Claudia Monti regrette que des situations particulières aient été oubliées pendant cette pandémie et regrette encore davantage l’inflexibilité du gouvernement.  (Photo : Julien Garroy)

Le médiateur a été submergé d’appels pendant cette pandémie, répondant à des SOS, essayant d’aider du mieux qu’elle pouvait. Mais le gouvernement est resté de marbre.

Le médiateur, Claudia Monti, s’attendait à être davantage sollicitée au cours de cette pandémie. Comprendre être saisie de réclamations en bonne et due forme. En présentant le rapport 2020 lundi aux députés, elle a avoué sa surprise alors que dans le même temps, le médiateur a servi de dernier rempart à des cas difficiles voire désespérés.

Il faut toujours introduire une réclamation dans les règles de l’art afin que le médiateur puisse ouvrir un dossier. «Je crois que les gens étaient grandement lassés des documents administratifs et des dossiers à remplir et ils ont baissé les bras. Il y avait beaucoup de fatigue à ce moment-là», soupçonne Claudia Monti.

Néanmoins, elle a été saisie d’une dizaine de cas «qui ne rentraient pas dans les cases», comme elle l’exprime. Il s’agissait de microentreprises qui n’atteignaient pas les 15 000 euros de gains annuels ou de sociétés en voie de création juste avant le début de la crise.
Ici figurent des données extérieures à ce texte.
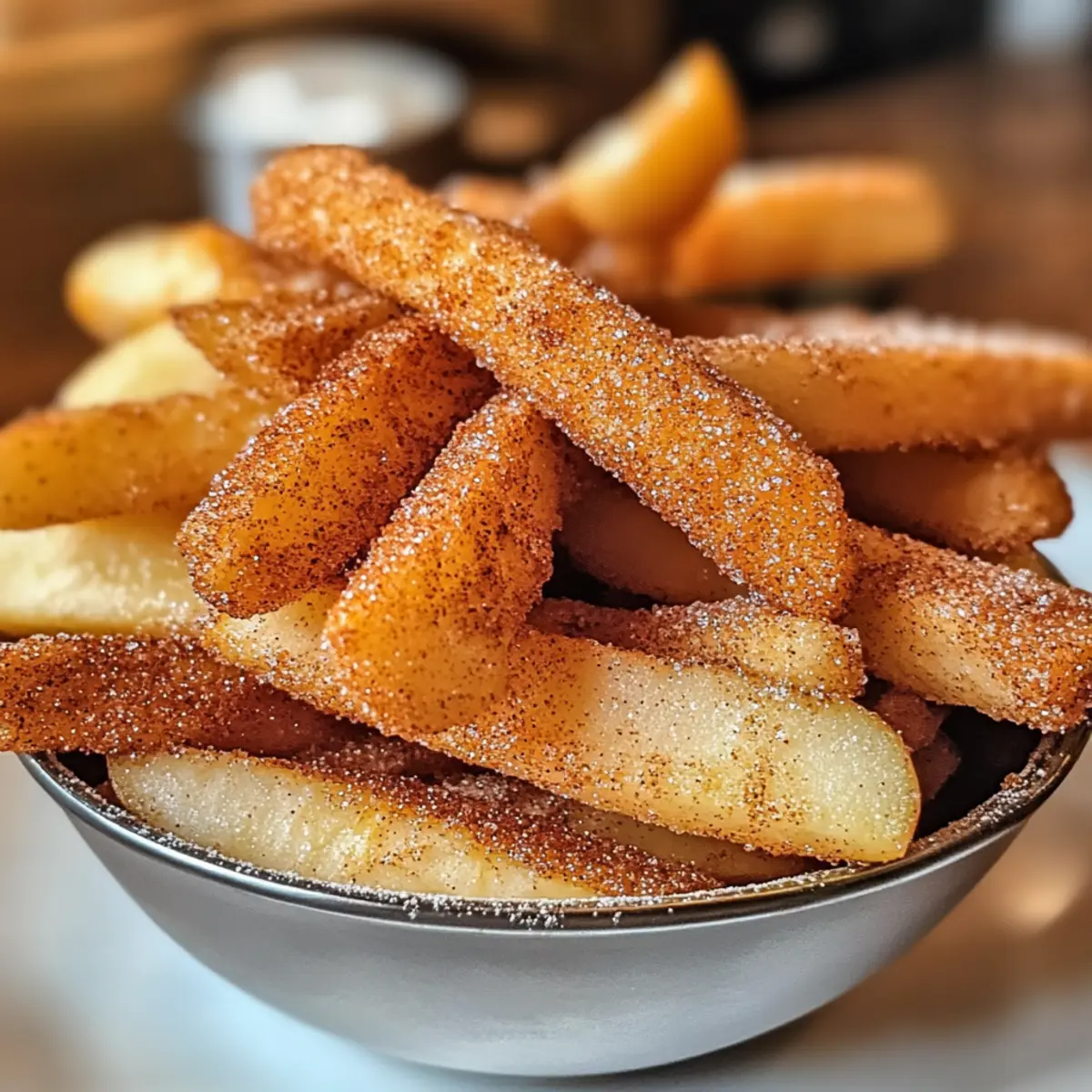 Als ich das erste Mal diese krossen Heißluftfritteuse Apfel-Pommes zubereitet habe, sprangen die Aromen einfach in die Luft und umarmten mich mit jedem Bissen. Wenn die herbstlichen Tage näher rücken, sind diese knusprigen Apfel-Pommes der perfekte Snack, um uns mit einem Hauch von Wärme zu verwöhnen. In nur 30 Minuten sind sie nicht nur blitzschnell zubereitet, sondern auch eine gesunde Alternative zu herkömmlichen Frittiermethoden. Die ganze Familie wird diese süßen, mit Zimt-Zucker bestäubten Stücke lieben, die sich zu einem gemütlichen Abendessen oder einem unkomplizierten Snack für zwischendurch eignen. Wie wäre es, gleich die Zubereitung auszuprobieren und die Küche mit dem Duft frisch gebackener Apfelpommes zu füllen? Warum sind Apfel-Pommes so unwiderstehlich? Schnell und einfach: In nur 30 Minuten sind diese Apfel-Pommes fertig, perfekt für stressige Tage. Gesunde Alternative: Genießen Sie den köstlichen Geschmack ohne schlechtes Gewissen – sie sind eine gesündere Wahl als herkömmliche Frittiermethoden. Familienfreundlich: Diese krossen Pommes sind bei Groß und Klein beliebt und laden zum gemeinsamen Snacken ein. Vielseitig: Experimentieren Sie mit unterschiedlichen Apfelsorten oder erweitern Sie die Dips für noch mehr Geschmack! Probieren Sie auch einen fruchtigen Dip für Abwechslung. Köstlicher Zimtgeschmack: Der warm-harmonische Zimt-Zucker macht jede Portion unwiderstehlich und sorgt für ein heimeliges Gefühl. Krosse Heißluftfritteuse Apfel-Pommes Zutaten • Diese Zutaten werden es dir ermöglichen, ein köstliches Gericht zuzubereiten, das die ganze Familie begeistern wird. Für die Pommes Granny Smith Äpfel – Sie bringen die perfekte Säure und Textur; du kannst sie auch durch Honeycrisp oder Fuji ersetzen, wenn du etwas Süßeres möchtest. Allzweckmehl – Sorgt für die knusprige Beschichtung; für eine glutenfreie Option verwende eine 1:1 glutenfreie Mehlmischung. Apfelkuchen-Gewürz – Gibt den Pommes eine warme Note; alternativ kannst du Zimt, Muskatnuss und Ingwer mischen. Große Eier – Binden die Beschichtung; ersetze mit einer veganen Option (1 EL Chiasamen + 2,5 EL Wasser) für eine pflanzliche Version. Für den Zimt-Zucker Zimt-Zucker – Für die süße Note; mische Zimt mit Zucker im Verhältnis 1:4 für den besten Geschmack. Für den Dipp Kochspray – Verhindert das Ankleben und sorgt für eine knusprige Textur; verwende Oliven- oder Avocadoöl-Spray. Puderzucker – Süßt die Dipsauce; passe die Menge nach Belieben an. Aktiviere eine kalorienärmere Option, indem du einen Zuckersatz wie Erythrit verwendest. Vanilleextrakt – Verleiht der Dipsauce zusätzlichen Geschmack; optional, wenn du es einfacher halten möchtest. Vollmilch – Verdünnt den Guss; kannst du auch durch pflanzliche Milch ersetzen. Schritt-für-Schritt-Anleitung für Krosse Heißluftfritteuse Apfel-Pommes Step 1: Äpfel vorbereiten Schäle die Granny Smith Äpfel und schneide sie in gleichmäßige Streifen von etwa 1 cm Breite. Achte darauf, dass die Stücke gleichmäßig sind, damit sie gleichmäßig garen. Lege die geschnittenen Apfelstreifen auf einen Teller und stelle sie beiseite, während du mit dem nächsten Schritt fortfährst. Step 2: Beschichtung mischen In einer Schüssel mischst du das Allzweckmehl mit dem Apfelkuchen-Gewürz gründlich. In einer separaten Schüssel schlägst du die großen Eier auf und vermischt sie gut. Diese zwei Mischungen sind wichtig für die knusprige Beschichtung der Krossen Heißluftfritteuse Apfel-Pommes, also achte darauf, dass sie gut vorbereitet sind. Step 3: Äpfel panieren Nehme nun die Apfelstreifen und tauche sie zuerst in die Mehlmischung, dann in die geschlagenen Eier und anschließend zurück in die Mehlmischung. Diese doppelte Beschichtung wird dafür sorgen, dass die Pommes besonders kross werden. Lege die panierten Apfelstreifen auf einen separaten Teller, während du die Heißluftfritteuse vorheizt. Step 4: Heißluftfritteuse vorheizen Heize die Heißluftfritteuse auf 163°C (325°F) vor. Während die Heißluftfritteuse sich aufwärmt, sprühe den Korb gleichmäßig mit Kochspray ein, um ein Ankleben der Apfel-Pommes zu verhindern. Dies trägt auch dazu bei, dass sie schön knusprig werden. Step 5: Äpfel frittieren Lege die panierten Apfelstreifen vorsichtig in den Korb der Heißluftfritteuse, wobei du darauf achtest, dass sie sich nicht überlappen. Frittiere die Apfel-Pommes für etwa 5 Minuten. Sie sollten weich sein und goldbraun werden, wenn sie fertig sind. Step 6: Wenden und erneut frittieren Nach den ersten 5 Minuten nimmst du den Korb heraus und drehst die Apfelstreifen vorsichtig um. Sprühe sie erneut mit Kochspray ein und stelle den Korb zurück in die Heißluftfritteuse. Frittiere die Pommes für weitere 5 Minuten oder bis sie knusprig und goldbraun sind. Step 7: Zimt-Zucker hinzufügen Sobald die Krosse Heißluftfritteuse Apfel-Pommes fertig sind, nimmst du den Korb heraus und gibst sofort den Zimt-Zucker darüber. Dies wird den warmen, süßen Geschmack verstärken und sicherstellen, dass jede Pommes köstlich aromatisch ist. Step 8: Dipsauce zubereiten In einer kleinen Schüssel mischst du den Puderzucker mit dem Vanilleextrakt und der Vollmilch, bis eine glatte Konsistenz erreicht ist. Diese Dipsauce ergänzt die Apfel-Pommes perfekt und sorgt für ein rundum köstliches Geschmackserlebnis. Lagerungstipps für Krosse Heißluftfritteuse Apfel-Pommes Kühlschrank: Bewahre übrig gebliebene Apfel-Pommes in einem luftdichten Behälter im Kühlschrank auf, um die Frische für bis zu 2 Tage zu bewahren. Gefrierschrank: Für längere Lagerung kannst du die Apfel-Pommes bis zu 2 Monate im Gefrierschrank aufbewahren. Achte darauf, sie gut einzupacken, um Gefrierbrand zu vermeiden. Wiedererhitzen: Um die Knusprigkeit wiederherzustellen, erhitze die gefrorenen oder gekühlten Krosse Heißluftfritteuse Apfel-Pommes in der Heißluftfritteuse bei 180°C (350°F) für etwa 5-7 Minuten. Allgemeine

Des situations qui ne donnaient pas droit aux aides de l’État. «Il y a ceux à qui l’État a prétendu qu’ils pouvaient continuer leurs activités alors que, dans les trois premiers mois du confinement, tout le monde devait rester à la maison et toute activité non essentielle était interdite.»

Elle cite le cas de deux photographes dont l’essentiel des revenus dépend de l’événementiel ou encore celui d’un marchand de vin qui vit en sillonnant les foires. Autant de situations pour lesquelles rien n’était prévu. Claudia Monti reconnaît volontiers que le gouvernement a dû agir vite pour venir en aide aux salariés et aux entreprises et que le Conseil d’État n’avait pas le temps d’analyser les textes en toute sérénité. Reste que des gens ont été oubliés.

«Nous avions espéré que ces oublis que nous leur avions signalés seraient réparés, mais les ministères sont restés inflexibles», déclare Claudia Monti. Elle cite l’exemple de la France et de la Belgique qui analysent davantage au cas par cas alors qu’au Luxembourg, s’il n’y a aucune case prévue à une situation particulière, c’est cuit.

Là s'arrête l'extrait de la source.